Cate echoed these sentiments, arguing “There needs to be redress. If you’re going to act on data, you need a way to let residents challenge your process.” And, like Kortz, he does not think that revealing algorithms in their entirety is the answer. “Revealing algorithms tells the public close to nothing,” he said. Rather, he calls for governments to publish information on the quality of the underlying data and the effectiveness of the predictions based on independent tests. Like Kortz, he calls for a balance between the privacy of proprietary algorithms and the right to transparency.
New York City has recently started the process of institutionalizing algorithmic transparency, convening a task force to develop recommendations to the mayor on how agencies can reveal information on algorithmic tools without sacrificing proprietary secrets or cybersecurity. Last month, Stephen Goldsmith and I wrote an article for CityLab detailing transparency requirements the city should consider. Three relevant to social mining initatives are:
- Sharing the motivation for using an algorithm in order to provide residents a benchmark by which to evaluate results and allow them to assess intentions.

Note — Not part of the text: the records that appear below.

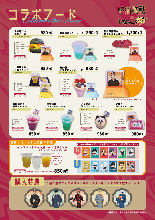 「虎杖悠仁の黒閃バーガー」「釘崎野薔薇のおなまえチュロス」「伏黒恵のゼリーソーダ」「七海建人のお団子セット」「五条悟のいちごチョコクレープ」などを用意。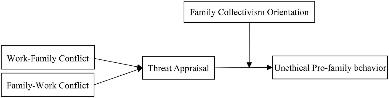Li M, Zhang L, Zhang Z and Hai X (2022) Work-Family Conflict and Unethical Pro-family Behavior: The Mediating Effect of Threat Appraisal and the Moderating Effect of Family Collectivism Orientation. Front. Psychol. 13:951904. doi: 10.3389/fpsyg.2022.951904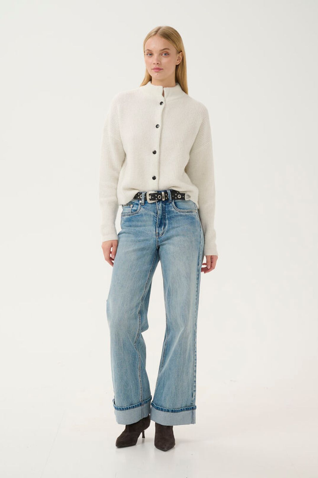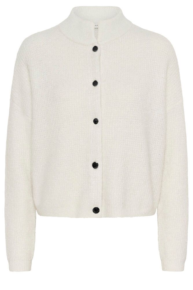 Gzalpha Shimmer Cardigan fra Gestuz. En elegant og myk cardigan med subtil glans som gir antrekket et hint av luksus. Den har en avslappet, men feminin passform med høy hals og kontrastknapper i front – perfekt både til jeans og skjørt.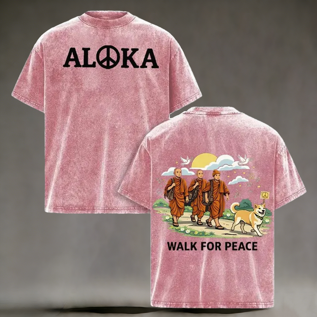 Walk For Peace Monk & Dog Washed T-shirt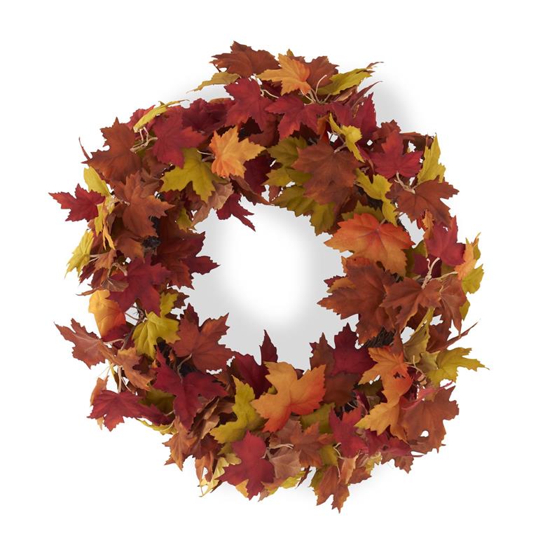 Welcome the season with this vibrant 20" Fall Maple Leaves Wreath, featuring a rich blend of orange, brown, and green foliage. Bursting with realistic maple leaves, this full and festive wreath brings autumn warmth to your front door, mantel, or wall decor.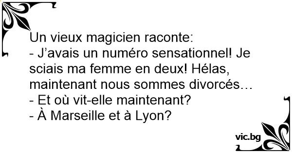 - J’avais un numéro sensationnel! Je sciais ma femme en deux! Hélas, maintenant nous sommes divorcés…

- Explaining what data went into the model and why to allow the public to identify potential bias from data tainted by historically discriminatory practices.
- Publishing performance data so citizens can assess the effectiveness of practices.
By opening social mining efforts to public redress, cities allow residents to understand, critique, and in some cases even improve these initiatives.
As is the case with many innovations in public safety, governments need to balance the potential value of social media mining to prevent serious crimes with the civil rights of individual residents. And according to both Kortz and Cate, it is not only a question of whether and how governments collect social data, but also what they do once they have it. “Municipal data has a lot of potential, but it’s about how cities intervene once they have data,” said Kortz. “The way people usually think about privacy is about use and not collection,” Cate agreed.
As an example of what to do with potentially incriminating data, Kortz pointed to Johnson County, KS. The county partnered with researchers from the University of Chicago to develop an early intervention system for individuals who cycle through the criminal justice, mental health, social services, and emergency services systems. The researchers generated approximately 250 features and developed a machine-learning model that output risk scores of people at risk of re-entering jail in the near future. However, instead of sending this data to the police so they can keep their eyes on certain residents, the County will send the list of people with high risk scores to the mental health center’s emergency services so these individuals can be connected to care and decrease the likelihood of future police interactions.
It’s these types of welfare-focused interventions that demonstrate the real value of social media mining. When collected with a priority on civil rights and employed to the benefit of residents, social media mining can be a tool for improving residents’ lives and the safety of communities.